We work with this design, not against it:
```rust
// From tidal/src/text/index.rs
pub struct TextIndex {
pub(crate) index: Index,
pub(crate) writer: Mutex<IndexWriter>,
pub(crate) reader: IndexReader,
pub(crate) fields: Arc<TantivyFields>,
pub(crate) config: TextIndexConfig,
pub(crate) entity_map: Arc<DashMap<u64, (u32, u32)>>,
}
```
The writer lives behind a `Mutex` and is exclusively owned by the syncer thread. The reader reloads automatically after each commit (with a short delay) in production, or manually in tests. This means search queries never block on writes, and writes never block on search queries. The only contention point is the reader reload, which is a lightweight operation -- swap a pointer to the new set of segment readers.
The `entity_map` is a `DashMap` that translates entity IDs to Tantivy `(segment_ord, doc_id)` pairs. It is rebuilt after every commit. This map enables the targeted scoring path: given a set of candidate entities from vector search, look up their Tantivy doc addresses and seek directly to them in the posting list. No full index scan required.
## The synchronous flush
Tests need determinism. "Sleep 2.5 seconds and hope the syncer has committed" is not determinism. So we added a flush channel:
```rust
// From tidal/src/db/items.rs
pub fn flush_text_index(&self) -> crate::Result<()> {
if let Some(ref flush_tx) = self.text_flush_tx {
let (ack_tx, ack_rx) = crossbeam::channel::bounded(1);
let _ = flush_tx.send(ack_tx);
let _ = ack_rx.recv_timeout(std::time::Duration::from_secs(10));
}
self.reload_text_index()
}
```
The caller sends a one-shot `Sender<()>` to the syncer. The syncer drains all pending writes from the channel, commits, and sends acknowledgment back. The caller blocks until it receives the ack, then reloads the reader. After `flush_text_index()` returns, every entity written before the flush is visible in search. Deterministic. No sleep.
This pattern is simple because the syncer already owns the writer lock and the commit logic. The flush is not a new code path -- it is a trigger for the existing commit path with a synchronization barrier.
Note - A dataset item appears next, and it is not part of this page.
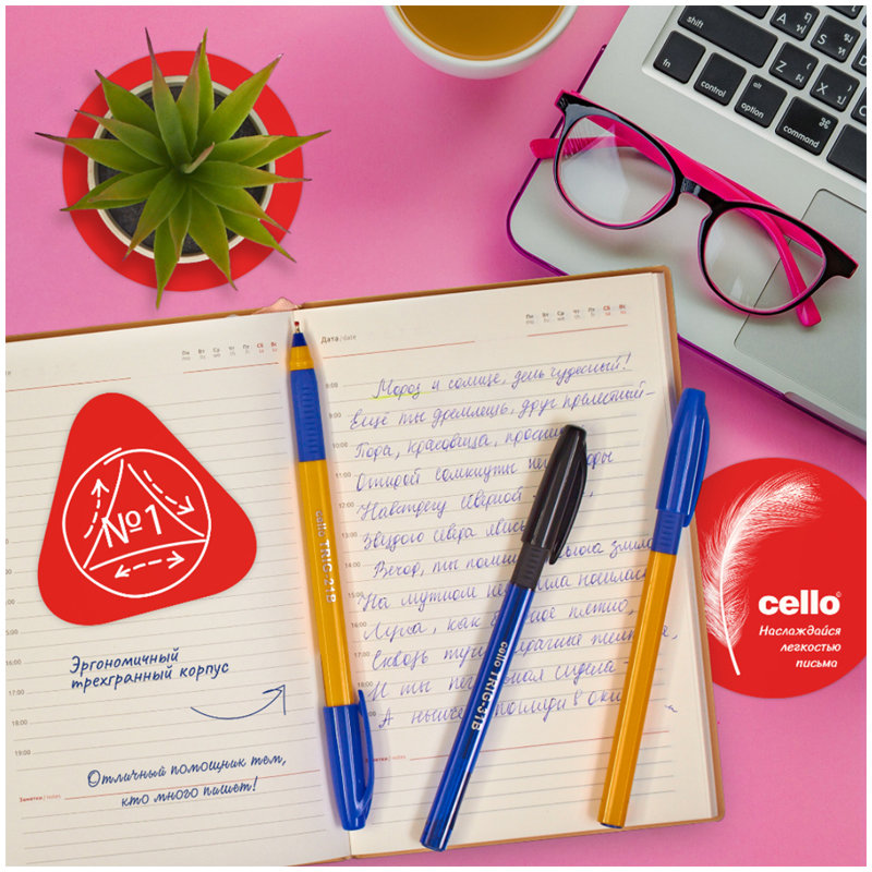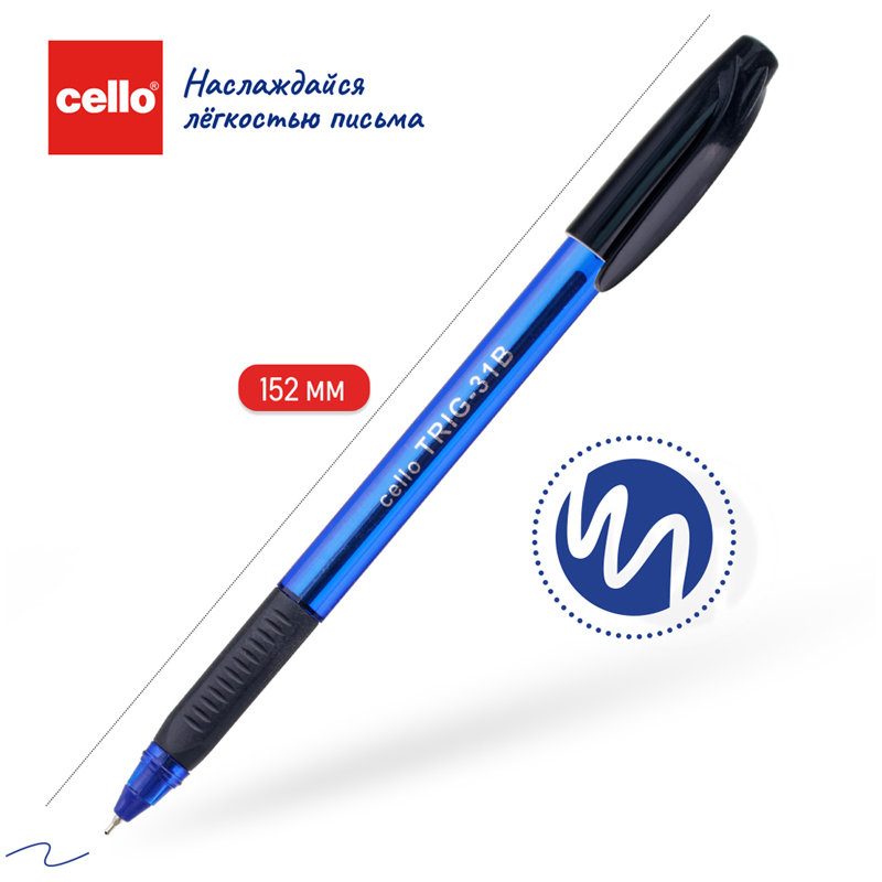 Шариковая синяя ручка Cello Tri-Grip blue barrel – сочетание трехгранной формы корпуса ручки и мягкого комфортного письма. Диаметр пишущего узла - 0,7 мм, благодаря чему ручка подходит для любого стиля письма. Она подойдет для заполнения бланков, ведения дневника, рисунков в скетчбуке. Чернила шариковой ручки на масляной основе пониженной вязкости с технологией письма Lubriflow обеспечивают гладкое и мягкое письмо при минимальном нажатии. Безопасный вентилируемый колпачок. Антибактериальный грип препятствует скольжению пальцев при письме. Игольчатый пишущий узел обеспечивает мягкое письмо в одно касание.
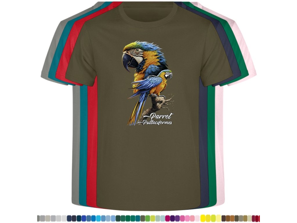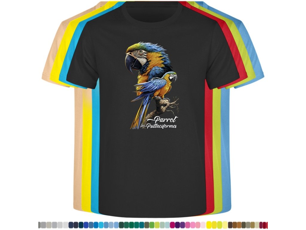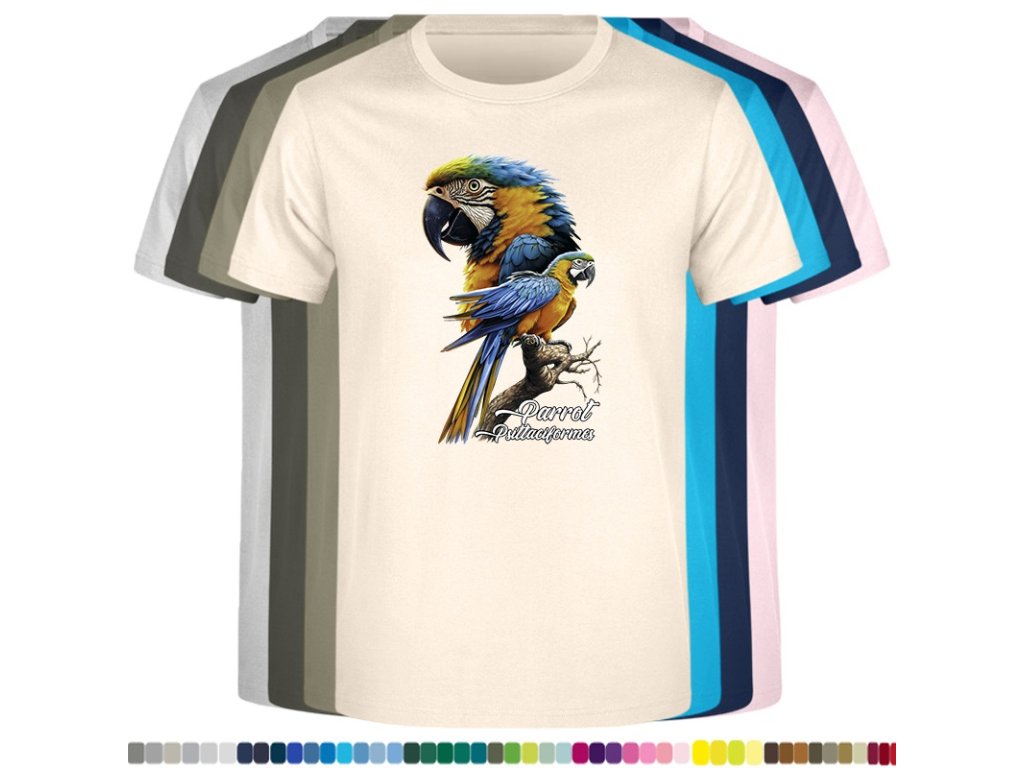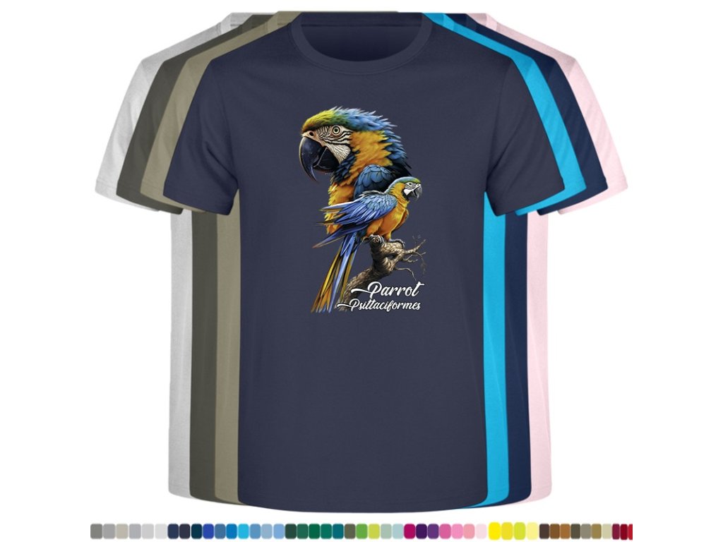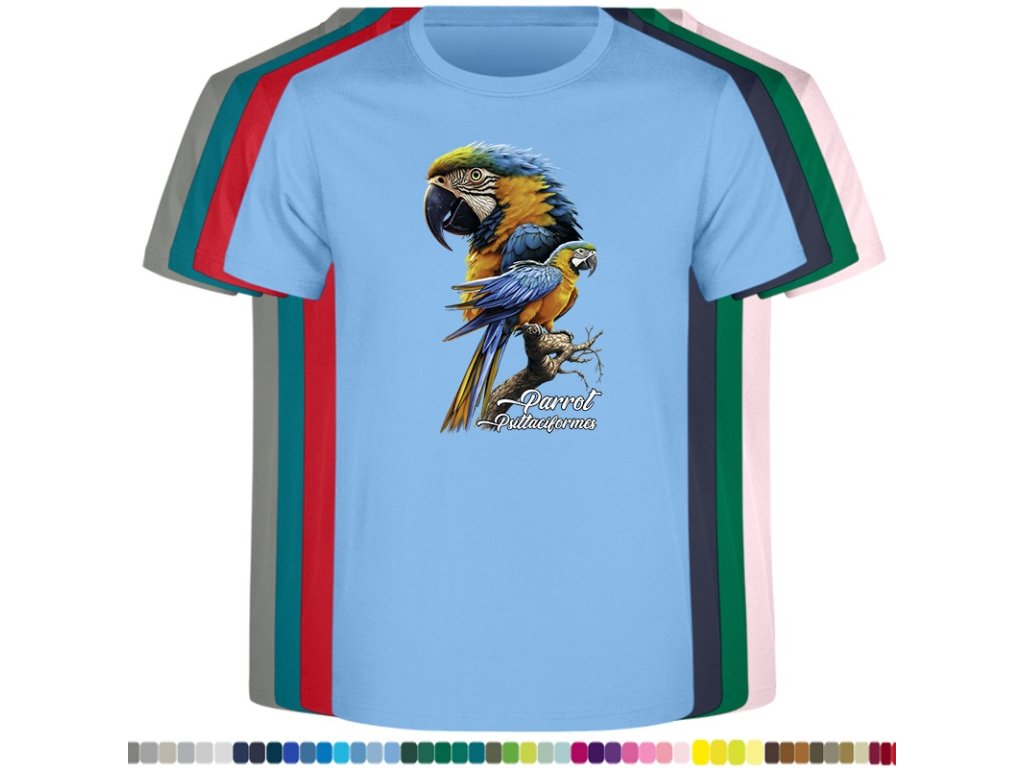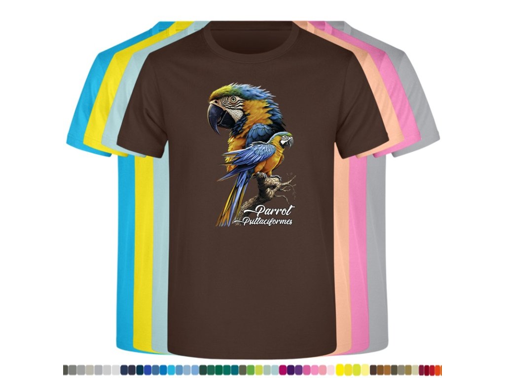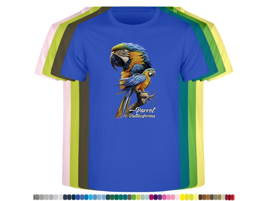 Dětské levné bavlněné tričko s digitálním potiskem Papoušek modrý - ptačí říše (EUvel.)

## Two collectors, two use cases
The search pipeline needs BM25 scores in two modes. The `AllScoresCollector` returns every matching document with its score -- no top-K truncation, no re-ranking by Tantivy. This is the building block for hybrid search, where BM25 scores are one signal among many and the final ranking is done by the profile executor, not the text index.
```rust
// From tidal/src/text/collectors.rs
impl SegmentCollector for AllScoresSegmentCollector {
type Fruit = Vec<(EntityId, f32)>;
fn collect(&mut self, doc: DocId, score: Score) {
let eid_val = self.entity_id_col.get_val(doc);
self.results.push((EntityId::new(eid_val), score));
}
fn harvest(self) -> Self::Fruit {
self.results
}
}
```
The key detail: `requires_scoring()` returns `true`. Without this, Tantivy skips BM25 computation entirely and every document receives a score of 0.0. The research document identified this as a gotcha. The implementation handles it.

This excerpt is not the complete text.